Not sure about that. I think even if a power user were to say "this is safe", you still have a boatload of integrity problems with the software.
-How do we know the power users can be trusted?
-Even if they can, what guarantee do we have that the service provider we use is using the same open source code that the power user validated?
-Etc, etc, etc. Basically, a lot of trust issues.
I agree with asadlionpk, open source can generally only be proven to help power users in a trustless environment. And where security is concerned, we cannot ascribe the "safe" attribute to any system where that safety cannot be proven.
>both don't guarantee true privacy as we can't see the servers.
What do you define as true privacy? Why isn't other privacy "true"?
What do you mean by "see the servers"? Surely you can see them as computers at the other end of a TCP connection, and the server cannot read the cleartext of an E2E encrypted message.

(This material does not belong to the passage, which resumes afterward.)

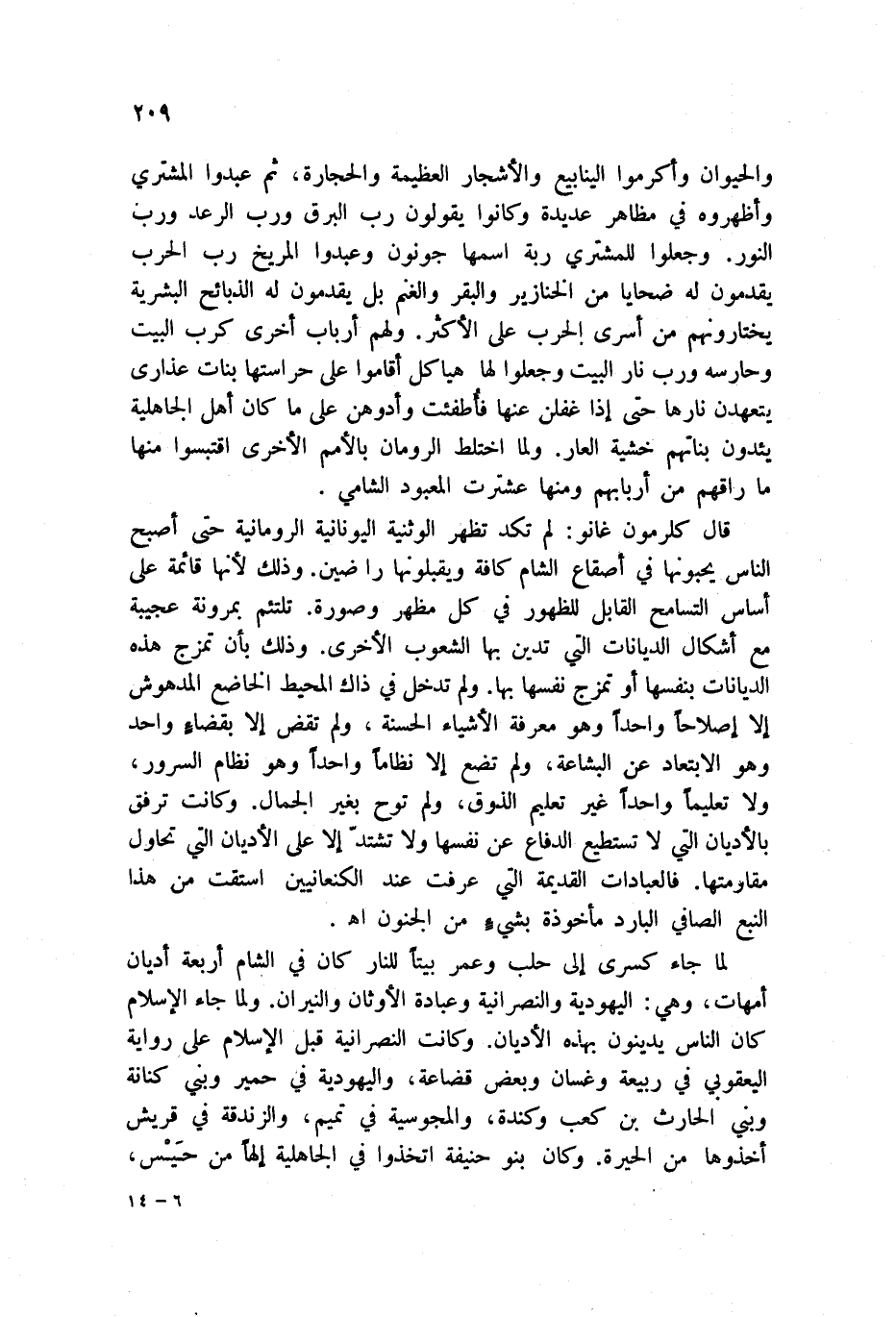 لما جاء كسرى إلى حلب وعمر بيتاً للنار كان في الشام أربعة أديان أمهات، وهي: اليهودية والنصرانية وعبادة الأوثان والنيران. ولما جاء الإسلام كان الناس يدينون بهذه الأديان. وكانت النصرانية قبل الإسلام على رواية اليعقوبة في ربيعو وغسان وبعض قضاعة، واليهودية في حمير وبني كنانة وبني الحارث بن كعب وكندة، والمجوسية في تميم، والزندقة في قريش أخذوها من الحيرة. وكان بنو حنيفة أخذوا في الجاهلية إلهاً من حيس،

Helping the power user is the whole point imo: let those who know what they're doing see and run the code themselves. As such, it doesn't matter whether Apple is in some business or not, it's simply a security measure.
In a system that tries to be secure against server attacks, nobody cares about the server-side code, because we can't trust that it's the same exact code (i.e. without backdoors) anyways. Therefore, it would be possible to make assertions about how secure iMessage is with only client code.
To some extend the same problem applies to application code. As long as the hardware and platform are closed, we don't really know what is going on when the application is executed. Despite this, opening the application would be of course a step to the right direction. Not because it would guarantee that Apple is not doing bad things, but because it would help others spot problems that may be there by accident.
Even if the server code is good, frequently they're hosted on servers that have other vulnerabilities anyway. Because we're not the sysop, we have no idea what they're running on and if it's patched properly and up to date. The only way to be safe is to become an expert in digital security, an expert in systems management, an expert in reading and mitigating security problems in open source code, an expert in securely deploying secure communications systems and host it yourself.
For the rest of us, even those of us reasonably well versed in systems and application security, we kind of have to put our trust in someone and hope they don't fuck it up.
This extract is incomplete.